We wrote a script, Translation.sh, that searches for ORFs from transcripts contained in an input file of transcript annotations (GTF format). Our script requires (i) a user-supplied reference genome (FASTA format) and (ii) user-supplied reference transcript annotations (GTF format). Prior to running our script, these files should be placed in the files folder. If you are using the GRCh37/hg19 reference genome build, we recommend using this reference genome file and this transcript annotation file. Alternatively, if you are using the GRCh38/hg38 reference genome build, we recommend using this reference genome file and this transcript annotation file.

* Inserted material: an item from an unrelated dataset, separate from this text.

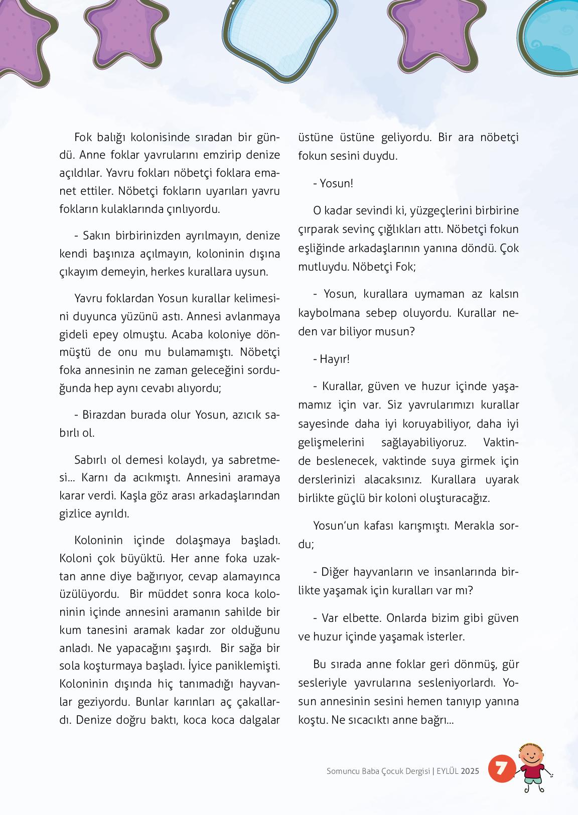 Fok balığı kolonisinde sıradan bir gündü. Anne foklar yavrularını emzirip denize açıldılar. Yavru fokları nöbetçi foklara emanet ettiler. Nöbetçi fokların uyarıları yavru fokların kulaklarında çınlıyordu.- Sakın birbirinizden ayrılmayın, denize kendi başınıza açılmayın, koloninin dışına çıkayım...

Detailed usage information for our script is shown below:
python scripts/Translation.py \
--mode long-read \
--trans_gtf /path/to/ESPRESSO/gtf/file \
--isoform_cpm_inf /path/to/isoform_cpm_matrix \
--genome_version hg19 \
--ref_gtf /path/to/reference/gencode/gtf/file \
--out_file /prefix/of/name/of/output/file \
--outf_dir /path/to/folder/of/output/file
script arguments:
-h, --help Show this message and exit
--mode Long-read or short-read RNA-seq data mode, default is long-read
--trans_gtf Generated ESPRESSO gtf file
--isoform_cpm_inf Generated isoform CPM abundance file
--genome_version Choose from ['GRCH38','GRCH37','hg38','hg19']
--ref_gtf Reference gencode annotation gtf
--out_file Prefix of the name of output file
--outf_dir Folder of output
Our script will generate protein FASTA files for both protein-coding transcript isoforms and NMD-targeted transcript isoforms in the user-specified output directory.